Painted in 1957, Sam Francis’ Untitled is a stunning example from a series of works that explored the visual power of white. Produced between 1957 and 1959, these works were based on a chapter in Herman Melville’s Moby Dick, in which Ishmael relates his fear of the whiteness of the great whale: ‘It was the whiteness of the whale that above all things appalled me’, Ishmael relates, ‘so mystical and well-nigh ineffable was it, that I almost despair of putting it in a comprehensible form’ (S. Francis, quoted in P. Selz, Sam Francis, New York, 1982, p. 62). In the present work, Francis captures this very sensation through the medium of paint. His seemingly extreme drive for empty and open spaces is stunningly counterbalanced by an urge to scatter and stain the blankness of an overly ordered world. The trickles and splatters of paint recall a flash of lightening, as a transient as thunder, as streams of dripping pigment fall dynamically to the bottom of the painting, and the electrical image hums with energy and grace. The limitless expanse of white mass punctures and separates the active colour whorl and its suspended lower satellite threatening to consume it, yet the force burst of colour, like footsteps in a white snowfield or a flight of birds against the sky, resists and even violates the white with its invincible presence.

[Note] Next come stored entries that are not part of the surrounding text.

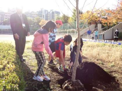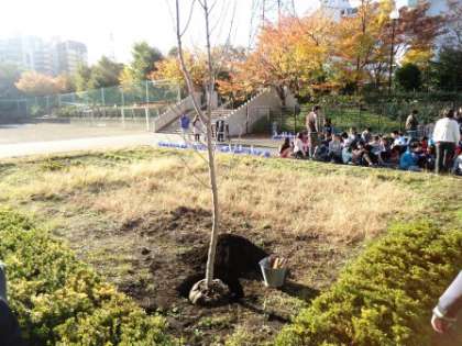 植樹式がありました。 公開日 2013/11/19 更新日 2013/11/19 4年生 愛宕小学校20周年を記念して、あたご会から寄贈されたソメイヨシノの植樹式が行なわれました。 式では、各学年から代表の児童がソメイヨシノに土をかけました。 4年生からも各学級から一人ずつの児童が代表として、土をかけました。 子どもたちは、新しい木に興味津々で、4月にどんな花をつけるのか楽しみにしていました。 4年
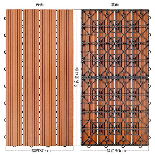 ウッドデッキパネル ライトブラウン ロング 6枚セット : ジョイント式 人工木 30x60cm
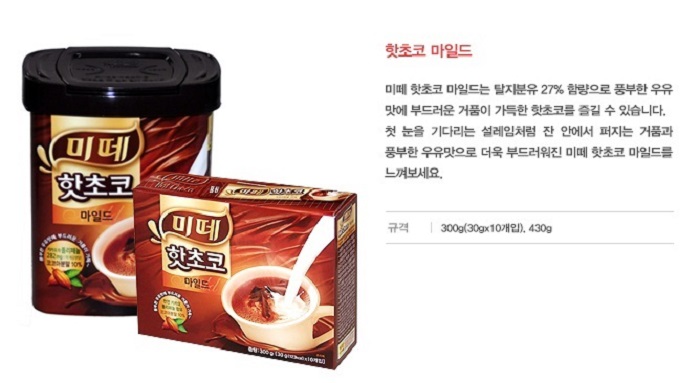 ■ 주원료, 원료산지: 코코아분말(네덜란드산)10%, 백설탕, 혼합분유(호주산)[탈지분유, 유청분말(우유)],포밍크리머(벨기에산)[물엿, 식물성경화유지, 탈지분유, 농축유단백, 제이인산칼륨],식물성크림(물엿, 식물성경화유지,카제인나트륨,제이인산칼륨,유화제),제삼인산칼슘,정제소금, 합성착향료(초콜릿향)
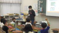 ↓ 小学3年生の総合的な学習の時間の様子です。今日は、豊野ひまわり園実行委員会から里永様、伊藤様、岩山様をお迎えし、「うきうき豊野ひまわり園」のことについて教えていただきました。
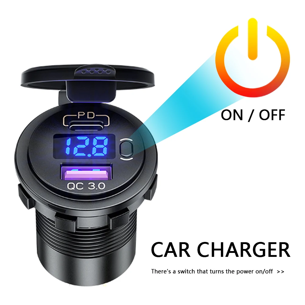 PD Тип C USB переключатель автомобильного зарядного устройства QC 3...
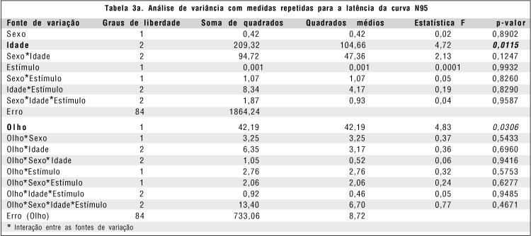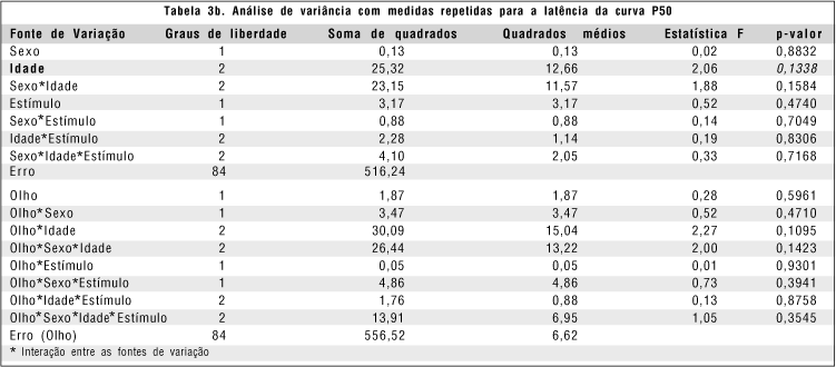 Pela análise de variância para a latência da onda N95 (Tabela 3a), verifica-se que houve diferença significativa entre as idades (p=0,0115) e entre os olhos (p=0,0306), mas não entre os estímulos utilizados. Para a latência da onda P50 (Tabela 3b) não houve nenhum efeito significativo.
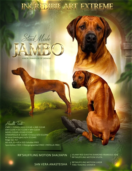Geboren wurde Jambo am 09.09.2020 in Moskau, Russland und ist ein topfitter junger Rüde, der frisches Blut nach Deutschland bringt. Gefahr von Inzucht dadurch um ein Vielfaches minimiert, wie es leider heutzutage oft vorkommt.
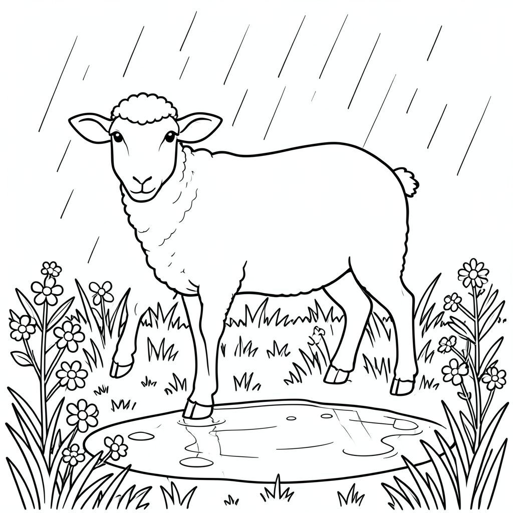 solo, chủ đề đơn, một đầu, hai mắt, hai tai, bốn chân, một đuôi, tỷ lệ tự nhiên, quy mô thích hợp trong môi trường, đúng về mặt giải phẫu, Cừu, Đồng cỏ, hoa dại, vũng nước, mưa, ánh sáng mặt trời, cỏ, đơn giản, dọn dẹp, lý lịch, rõ ràng, trang màu, nghệ thuật đường, nền trắng, solo, chủ đề đơn, đúng về mặt giải phẫu, giải phẫu hoàn hảo

A second-generation Abstract Expressionist, Francis reinvented the physical act of painting, exploiting drips, splatters, and controlled surface accidents. He did not follow a systematic system of experimentation but rather simply allowed oil and acrylic to coexist on the surface, sometimes side by side, sometimes overlapping. As a colourist, Francis’ roots are deeply embedded in the Modernist tradition; yet in his work colour is not simply released from line, nor is it colour for its own sake, but colour for its meaning and power. Francis liked to use highly pigmented, saturated colours, where the ratio of dry material to liquid dispersion yielded a super-rich tint. The luminous intensity of his colours is, in Francis's words, ‘like a firing of the eye. Colour is light on fire, each colour is the result of burning, for each substance burns with a particular colour. The processes talked about in alchemy are parallel to the processes in painting. For that reason I am fascinated with alchemy. But my work is not just my painting -- it is something else. Painting holds me in check, so to speak, or keeps me from flying off in other directions. It is a way of being anchored in the world’ (S. Francis, quoted in J. Butterfield, ‘The Other Side of Wonder’, Sam Francis: Works on Paper, Boston, 1979).